Pfumvudza farmers start planting
The Herald
2/11/2021
Senior Agriculture Reporter
Pfumvudza/Intwasa farmers have started planting summer crops in most parts of the country, the Ministry of Lands, Agriculture, Fisheries, Water and Rural Development has said.
The programme is this year supporting production of maize, sorghum, pearl millet, soya beans, sunflower, groundnuts, vegetables and cow peas.
Agritex chief agronomist Mrs Rutendo Nhongonhema yesterday said most farmers in Masvingo, Matabeleland South and Matabeleland North had started planting their Pfumvudza plots. “Most farmers with irrigation and those in wetlands have started planting summer crops,” she said. “Farmers benefiting under the Pfumvudza/Intwasa will start planting this week, but most of them who planted were irrigating the holes.”
Mrs Nhongonhema said farmers were planting with two litres of water per every planting station.
Last week, Agritex revealed that over 1,8 million households had prepared, with more than 207 022 households having competed the preparations by holing all five plots.
Agritex said all smallholder farmers participating in the programme were expected to have received their inputs by November 15.
The Presidential Inputs Programme is targeting 2,3 million small scale farms in communal, A1, small scale commercial farming and old resettlement sectors for cereals, oil seeds and legumes.
The scheme provides training a scientifically-proven system of conservation agriculture, as well as the inputs and the aim is to ensure that the farms are run as proper businesses, with the farmers retaining what they need for on-farm consumption and selling the rest of the harvest.
The scheme adopted the Pfumvudza/Conservation Agriculture concept based on the principles of minimum soil disturbance (holing out), mulching to conserve moisture, timeliness of operations and adoption of good agronomic practices.
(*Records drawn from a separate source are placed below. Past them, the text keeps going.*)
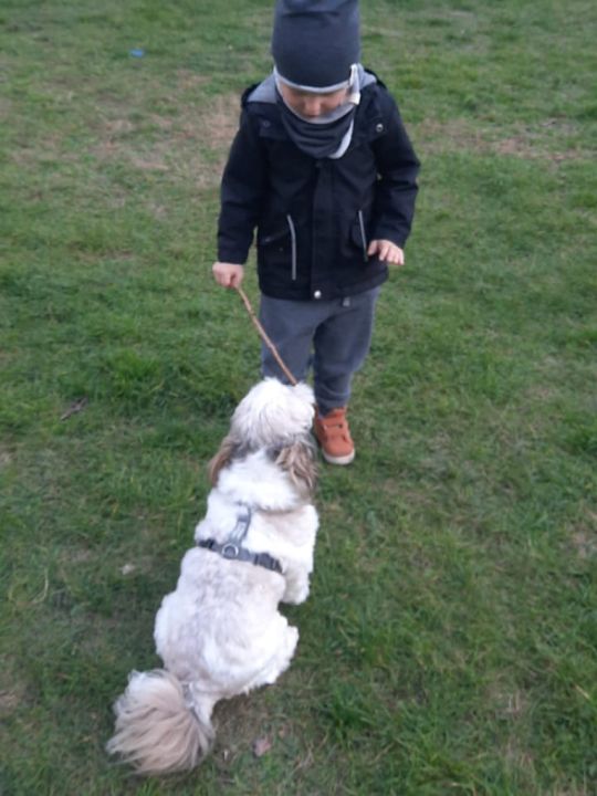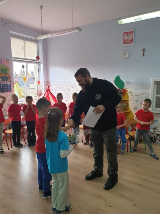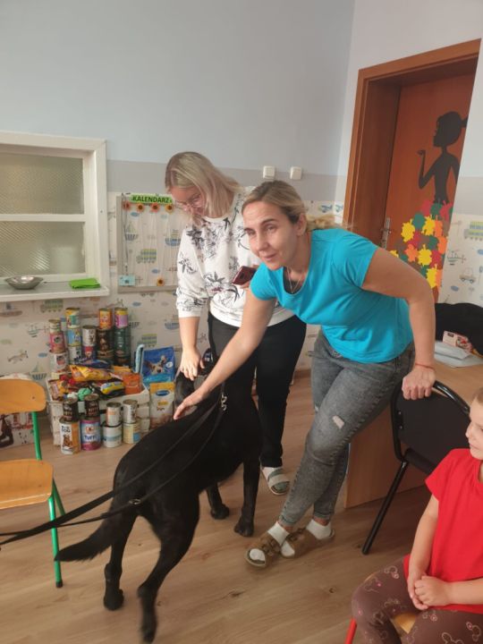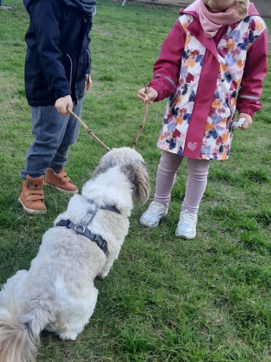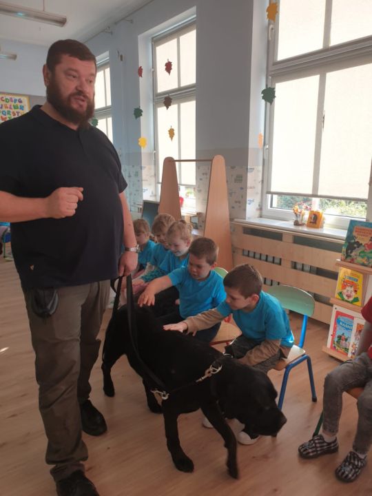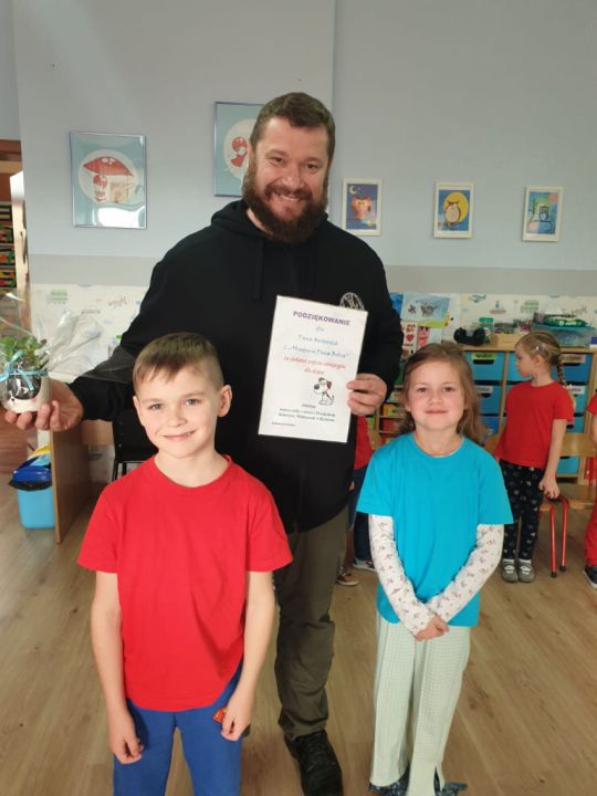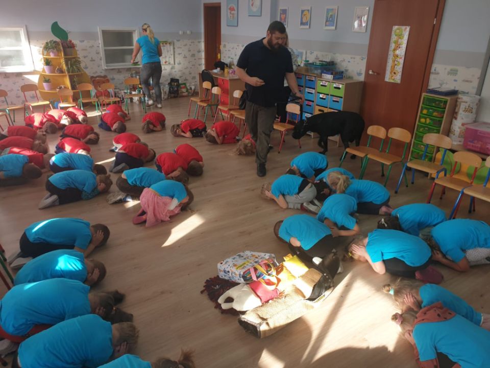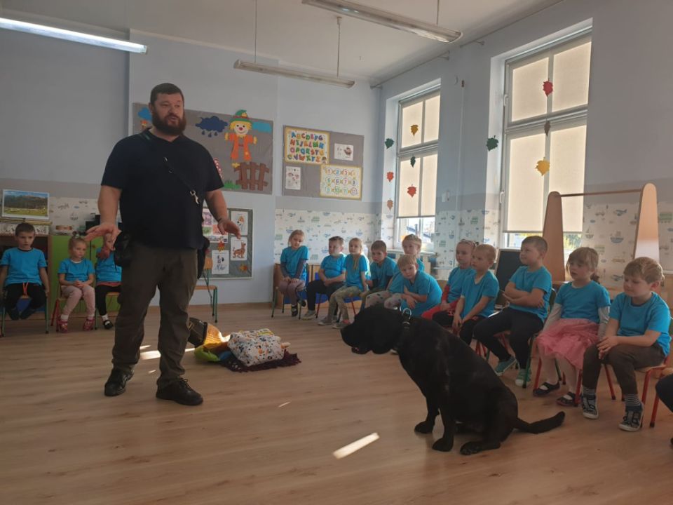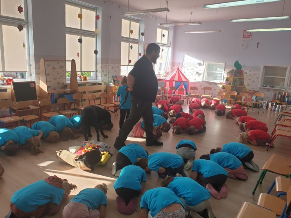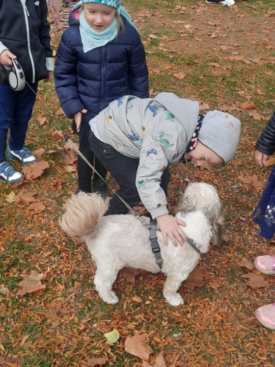 Natomiast grupy: „Muchomorki” i „Sówki” zaprosiły Pana Mateusza z „Akademii Pana Bobra” ze swoimi pupilami: Ritą – rasy Cane Corso Italiano oraz Tajkana – Owczarka Niemieckiego Długowłosego. Są to psy specjalnie szkolone, głównie do dogoterapii. Starszaki dowiedziały się wielu ciekawostek, między innymi jakie pozycję ciała przyjmować w razie ataku agresywnego psa, bo i takie też niestety się zdarzają. Pan Mateusz opowiadał jak szkolić psy i jak powinni zachowywać się odpowiedzialni właściciele. Pies, to niewątpliwie najlepszy przyjaciel człowieka, ale należy go dobrze wychować.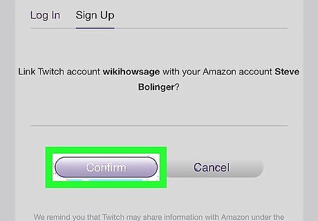 Sign in to your Twitch account. Enter your Twitch username and password, and tap the purple Log In button. This will sign you in, and take you to the confirmation page.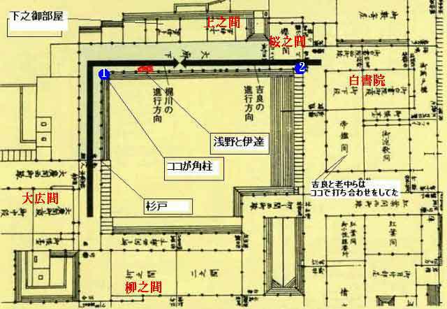 一人ハ大広間の御椽頬杉戸の内へ入申候、一人ハ我等後の方へ参り申候、さて大廊下御椽の方角柱の辺より見やり候へは、大広間の方御障子際に内匠・左京(伊予吉田藩主伊達村豊)両人被居夫より御白書院の御杉戸の間二三間を置候て高家衆大勢被居候体見へ候間、右の坊主に吉良を呼被呉候様申候ヘハ参候て即立帰り、吉良殿にハ只今御老中方より御用之儀有之て被参候由申聞候、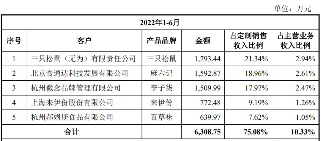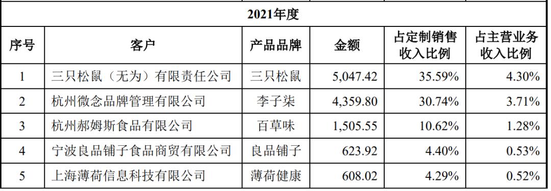 三只松鼠、李子柒、百草味、良品铺子、薄荷健康在2021年度,分别给阿宽食品带来5047.42万元、4359.80万元、1505.55万元、623.92万元、608.02万元的定制销售业务销售额,分别占定制销售收入比例为35.59、30.74%、10.62%、4.40%、4.29%。

Success of the Pfumvudza programme last season saw more farmers adopting the cropping technique this time and they have undergone training.
Agritex is training both old and new farmers and only when one would have finished the recommended land preparations are inputs distributed.
In the 2021/22 summer programme, the target is to sustainably increase crop production and productivity to meet and surpass the national requirements for both human consumption and industrial use through the implementation of the key tenets of the Agriculture Recovery Plan.